# Fishing SPSP 8/20



## Wrong Way (May 29, 2003)

I'm planning to fish SPSP this wednesday for a few hours after work. I hear there's a special place where some of you guys have landed keeper stripers and I want to join in on the action. If anyone is out there on wednesday, I'll be wearing a red cap I think.


----------



## TunaFish (Aug 16, 2001)

I may be heading out there that night. I'll be with 2 12 footers, one is taped flourecent red, the other white. However, if you don't see me, at the right of the small boat launch area, go to the 2nd crescent shaped beach area, right in the middle. Two things you'll need to remember. 1- Cast as far as you can. 2- When retrieving your line, bring it in really fast or else you'll get snagged. FL Fisherman and I caught one last week, but I had no luck last night.


----------



## reddog1 (May 3, 2003)

Tuna,
Did you catch anything last night? I am waiting to get my Power Pro in so I can respool my pools and get back on the water.


----------



## TunaFish (Aug 16, 2001)

RD,

1 Croaker, 3 perch. That was it...You'll love the PP. How many LB test are you getting?


----------



## reddog1 (May 3, 2003)

65#, so no leader needed. I had to tie another one last time out. It really is a pain. THis way I can spend more time fishing than working on my setup.


----------



## Wrong Way (May 29, 2003)

Hopefully things will look up within the next few days. Fishing was pretty hot and heavy as reported early last week but conditions change so fast. I think we'll be packing light this time with only 3-12' and a bait catching rod. If we don't see you out there, goodluck


----------



## TunaFish (Aug 16, 2001)

RD, I agree, that's why I use 65#.
WW, ditto.


----------



## reddog1 (May 3, 2003)

Hey Tuna,
How was fishing last year around this time?


----------



## TunaFish (Aug 16, 2001)

So, So. I fished mostly at Matapeake last year I would bring home around 5-10 a night. I usually fished from 7:00-11:00 pm.


----------



## Big Rad (May 19, 2003)

*I'll be out there.*

I plan to fish Wednesday evening also. I won't be going to work on Thursday because I need a mental health day! Look for a big black guy in a metal folding chair. I'll be singing my striper song!


----------



## TunaFish (Aug 16, 2001)

We'll, I was singing the blues last night, so I hope I can join in and harmonize with you in that striper song.


----------



## reddog1 (May 3, 2003)

Now you guys got me thinking of coming out on Wed. The weather is supposed to be great, hope I can swing it.


----------



## TunaFish (Aug 16, 2001)

Yes, I think you should. Why not give that new PP a good workout?


----------



## reddog1 (May 3, 2003)

I am not sure I will have it by then but maybe I will just painfully tie on another leader and come out and meet up with some other board members.


----------



## Wrong Way (May 29, 2003)

reddog1 said:


> *Now you guys got me thinking of coming out on Wed. The weather is supposed to be great, hope I can swing it. *


The more people we have out there, the more bait we have to attract fish. It's like chumming with hooks


----------



## TunaFish (Aug 16, 2001)

Don't worry, fish won't notice anyway. And besides, I need you to help pull in my rigs out there. (Lost 2 more last night).


----------



## reddog1 (May 3, 2003)

Yup the rigs just keep piling up out there. Should put on a scuba suit and go serching for treasure. 

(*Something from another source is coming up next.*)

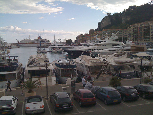 Lyxbåt vid lyxbåt vid lyxbåt. Här ligger pengarna i sjön. Men det är egentligen inte mycket att skryta med, eftersom alla är ungefär lika stora och ungefär lika fyllda med platt-TV, barskåp och övernattningshytter. Här och där går anställd personal runt och putsar tamparna, i väntan på att ägare och vänner ska dyka upp. Kanske idag, kanske nästa vecka, eller nästa månad. Och det som slår mig är att även om man ägde en av båtarna, och hade parkerat sin Porsche vid kajen, så finns det alltid någon som har en större båt lite längre bort, där de parkerar sin Ferrari.

I am going to try out this really cheap homemade rig next time. This way if I loose it I only loose two hooks and a weight. We will see how well it holds up.


----------



## Wrong Way (May 29, 2003)

What types of rigs to you guys use? I make my own high low rigs and it's fairly inexpensive other than the cost of hooks and weights. Since the blues are running, I switched from 40# Andes mono to 40# wire and it seems to be holding up well. I normally see people using the metal rigs you find at the stores but casting distance is really bad when the bait "helicopters" out there. It only takes a minute to tie a rig using wires and it's a lot cheaper than buying those metal rigs.


----------



## TunaFish (Aug 16, 2001)

I get the ones from the stores. To solve the "Helicopers" effect, I use heavier sinkers..


----------



## reddog1 (May 3, 2003)

I have never had a problem with those wire rigs from the store. I use 4-5 oz of lead and that thing is launched out like a missile. I am trying to tie my own those since I don't always have to motivation to get to the store to buy rigs.


----------



## Big Rad (May 19, 2003)

*I can and do tie my own but,*

The metal ones fly so nice for me too. I can tie my own hi-lo rig in about 4 minutes but I buy leader material which is a little stiffer than just plain mono.


----------



## reddog1 (May 3, 2003)

Anyone have any problems getting bloodworms? I went to my usual bait shop and they were out. I don't want to have to go to ANGLERS


----------



## TunaFish (Aug 16, 2001)

Dog,

Oh no, not the A-word. I went to Walmart at Clinton, MD, they got the refrig filled up with bloods @ $6.37 a dozen..


----------



## reddog1 (May 3, 2003)

Tuna, 
You wouldn't be stoppen' anywhere today? I have squid, chicken and spot with me but I just got to have those bloods.


----------



## TunaFish (Aug 16, 2001)

Sure thing. How many do you need?


----------



## reddog1 (May 3, 2003)

Are you sure, I promise I won't ask again. How big are they, probably 2 packs would be good so long as they are fresh. I really appreciate it. What time you going to be out there? I was thinking of leaving work around 4-4:30 and hit the road since I have everything else with me.


----------



## TunaFish (Aug 16, 2001)

RD, 
Yep, they're pretty good looking. No problem, I'll pick up 2 for ya. I'll probably be there around 7.


----------



## reddog1 (May 3, 2003)

Thanks again see you there.


----------



## addicted (Jul 8, 2003)

have a good time fishing guys. I'll try to make it out there tomorrow or Friday. Looking forward to hearing your reports when you get back

-addicted


----------



## reddog1 (May 3, 2003)

Hey where you been. I will most likely be there tomorrow or friday as well. See you there.


----------



## addicted (Jul 8, 2003)

I got skunked one night and kept losing rigs . I think i'll switch over to braided.


----------



## reddog1 (May 3, 2003)

Did you loose them on your cast? I am going with it becasue I want to try life without a shock leader since I am always putting another one on.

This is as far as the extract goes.